10.22543/7674.91.P118124

Abstract

Colorectal cancer is a common form of cancer nowadays. There are many risk factors in the pathogenesis of colorectal cancer. The malignant proliferation is caused by one or more genetic mutations, which activate oncogenes and deactivate tumor suppressor genes. Some factors cannot be changed, such as a person's age or family history. An essential aspect in the pathogenesis of colorectal cancer is the choice of lifestyles, such as a high-fat diet, smoking, and excess alcohol. Carcinogens can be either natural or chemical. The mechanisms by which carcinogens initiate tumor formation are genetic or non-genotoxic. The most common form of colorectal cancer is found in people who ingest chemicals that, once ingested, reach the large intestine, thus causing malignant lesions.
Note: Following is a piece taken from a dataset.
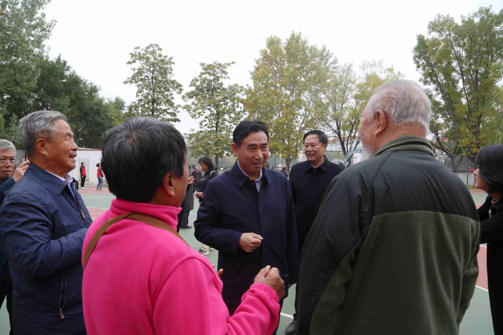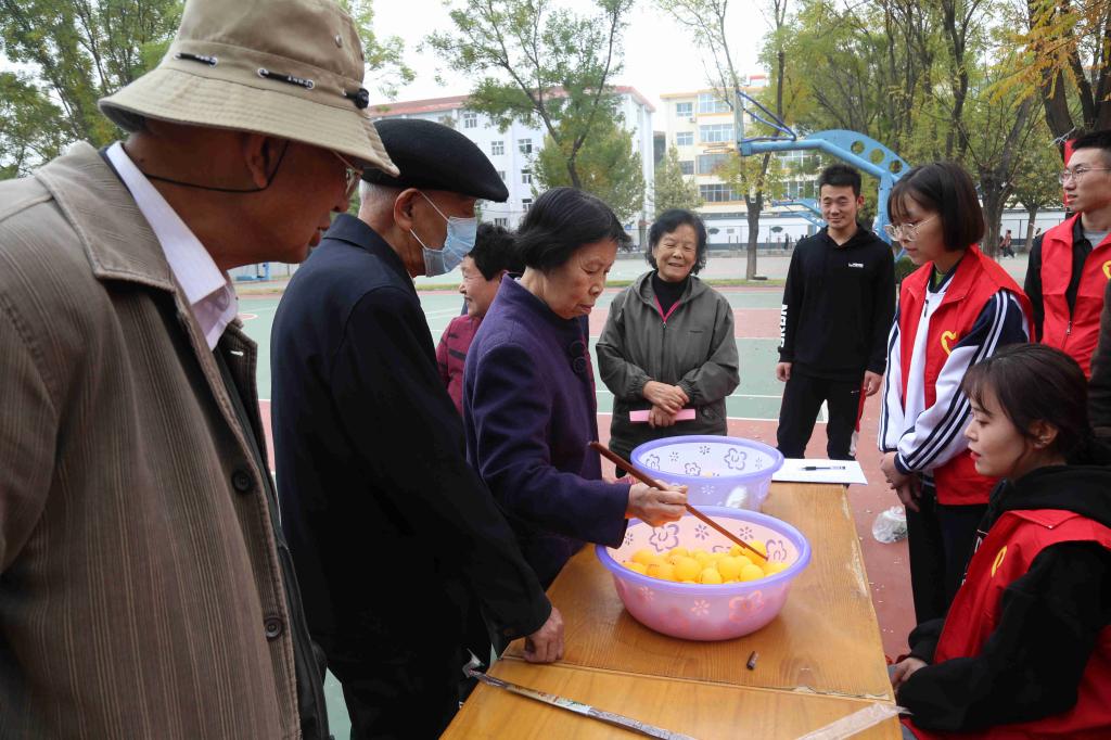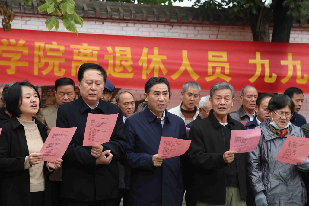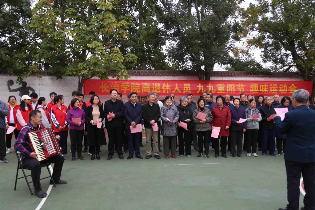 郝勇东、赵水琛现场与百余名老同志兴趣盎然地参加了踢毽子、夹乒乓球、投飞镖、定点投篮、足球射门、打保龄球等一系列集趣味与健身相结合的活动项目,集体合唱《地道战》《歌唱祖国》两首红色歌曲,把全院师生的关怀、祝福与温暖送到老同志的身边,场上呈现一派热闹景象。这次运动会进一步增强了大家的凝聚力和向心力,也让老同志们度过了一个快乐、温馨的重阳节。

The Western diet and the metabolic syndrome are risk factors for colorectal cancer, due to gut microbiota changes and low-grade chronic inflammation. Among the most important diet carcinogens are nitrosamines, hydrazines, organophosphates, acetaldehyde, and heterocyclic amines. Screening programs, especially among people over 50 years of age, and with multiple risk factors are extremely important in detecting colorectal cancers in the early stages and in improving the long-term prognosis in such patients.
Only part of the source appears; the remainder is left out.